Dataset section:

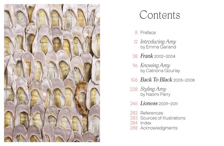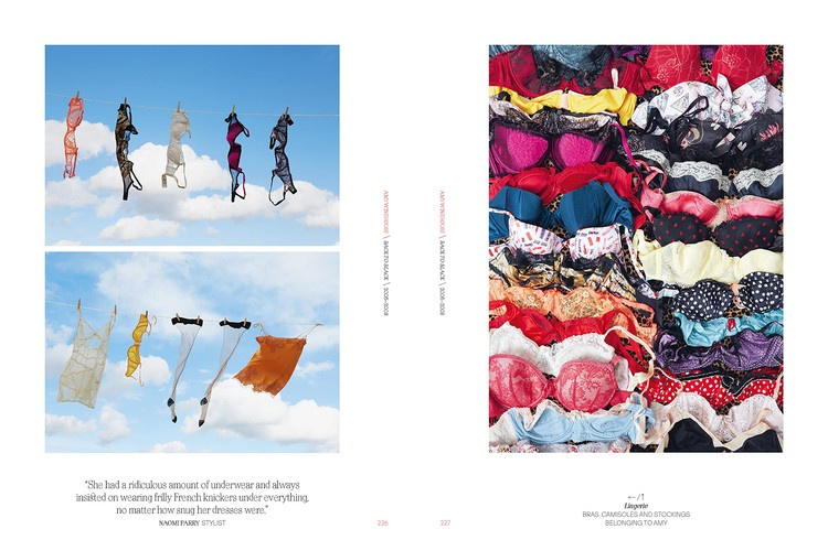 Organized broadly chronologically, the book features newly shot lyric sheets, sketches and ephemera together with contextual photographs and video stills, including album, single and promotional artworks and outtakes. Punctuating the story are photographs of dressed room sets each created, designed and styled especially for the book by Naomi Parry to evoke a period or aspect of Amy's life or personality, incorporating Amy's clothing, possessions, lyrics and other memorabilia.
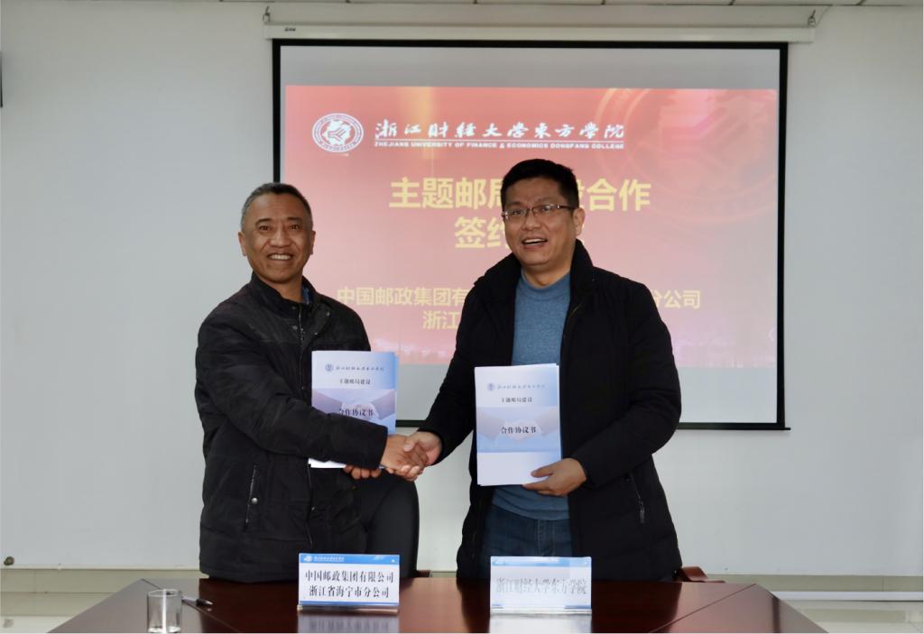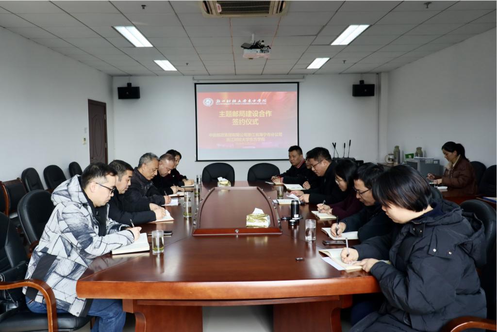 12月24日,学院与中国邮政集团有限公司浙江省海宁市分公司“主题邮局建设合作项目”签约仪式在行政楼315会议室举行。学院副院长金国锋,中国邮政海宁市分公司副总经理刘盛华出席会议。后勤基建部等相关部门负责人参加会议。
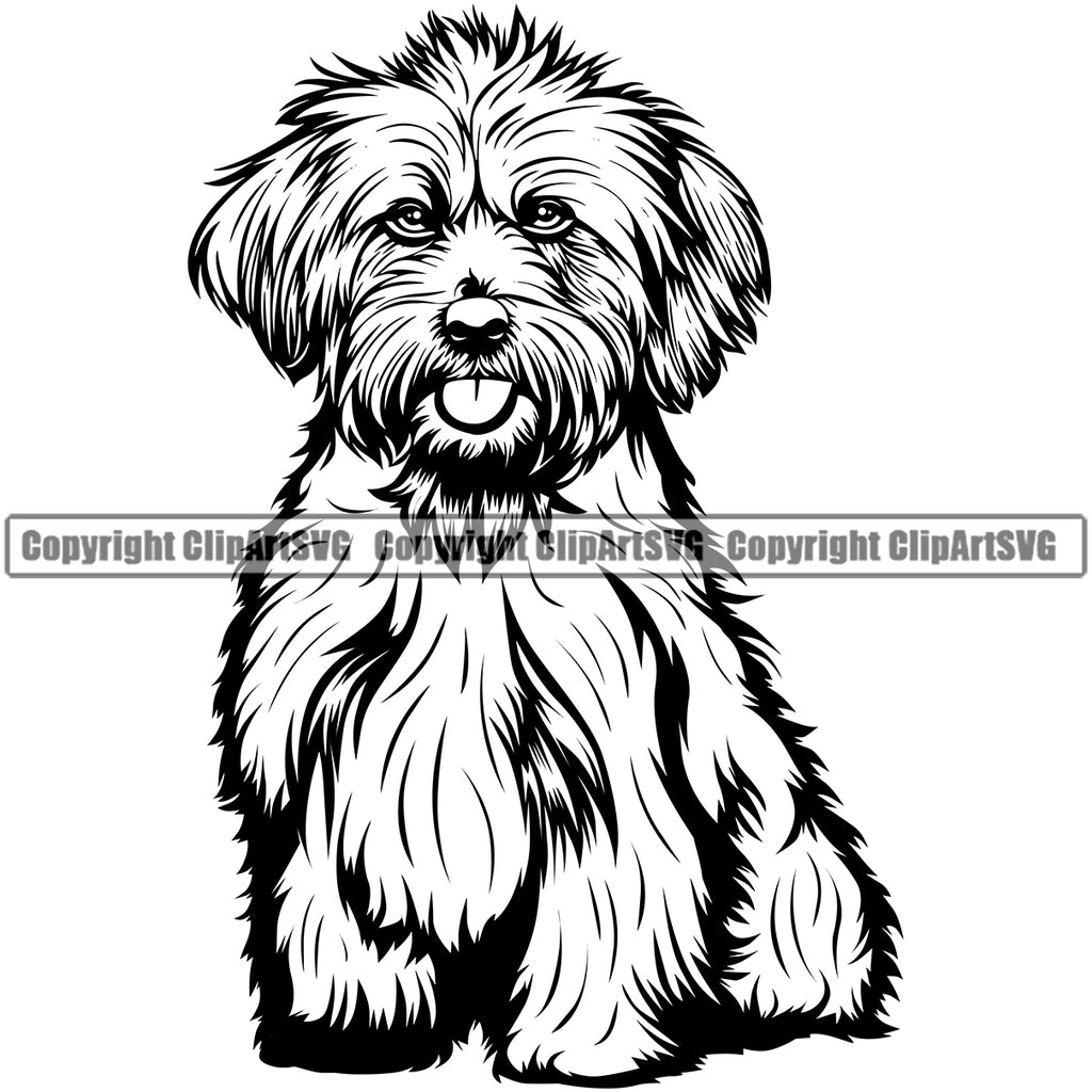 Lhasa Apso Sitting Dog Design Element Pedigree Canine K-9 K9 Portrait Doggy Cute Face Animal Puppy Pup Head Vector Clipart SVG
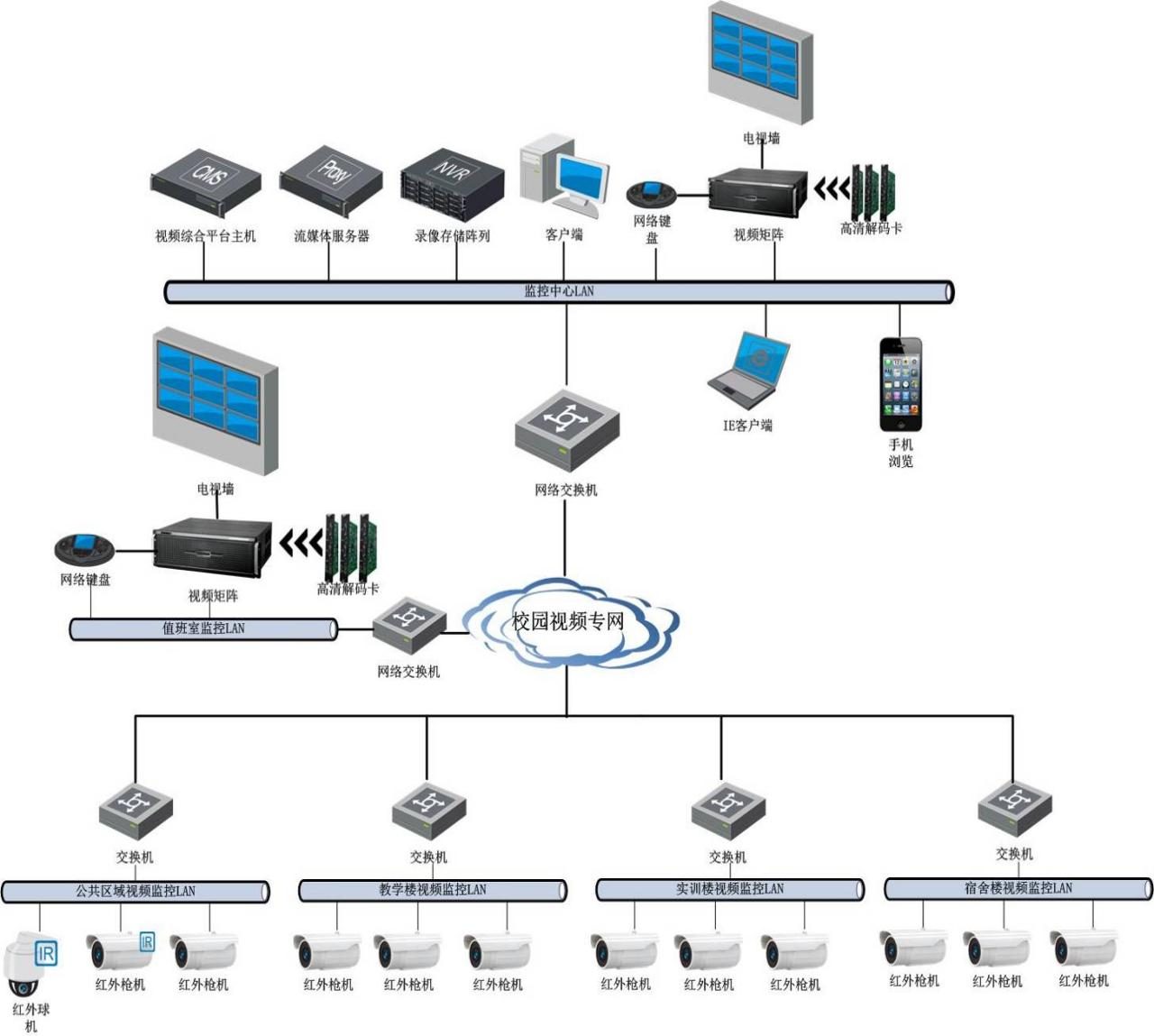 (1)分校區(qū)現(xiàn)有的監(jiān)控點遍布學(xué)校各個重要點位,包括教學(xué)樓、一體化樓、實訓(xùn)樓、辦公樓、學(xué)生宿舍、學(xué)生食堂、校內(nèi)重要場所等。通過光纖鏈路將前端各個點位匯聚到監(jiān)控中心,并統(tǒng)一傳到監(jiān)控中心集中存儲。

Brief: The whole listing should be retyped word for word; none of its pictures belong in the copy.

Task solution:
 Organized broadly chronologically, the book features newly shot lyric sheets, sketches and ephemera together with contextual photographs and video stills, including album, single and promotional artworks and outtakes. Punctuating the story are photographs of dressed room sets each created, designed and styled especially for the book by Naomi Parry to evoke a period or aspect of Amy's life or personality, incorporating Amy's clothing, possessions, lyrics and other memorabilia.
 12月24日,学院与中国邮政集团有限公司浙江省海宁市分公司“主题邮局建设合作项目”签约仪式在行政楼315会议室举行。学院副院长金国锋,中国邮政海宁市分公司副总经理刘盛华出席会议。后勤基建部等相关部门负责人参加会议。
 Lhasa Apso Sitting Dog Design Element Pedigree Canine K-9 K9 Portrait Doggy Cute Face Animal Puppy Pup Head Vector Clipart SVG
 (1)分校區(qū)現(xiàn)有的監(jiān)控點遍布學(xué)校各個重要點位,包括教學(xué)樓、一體化樓、實訓(xùn)樓、辦公樓、學(xué)生宿舍、學(xué)生食堂、校內(nèi)重要場所等。通過光纖鏈路將前端各個點位匯聚到監(jiān)控中心,并統(tǒng)一傳到監(jiān)控中心集中存儲。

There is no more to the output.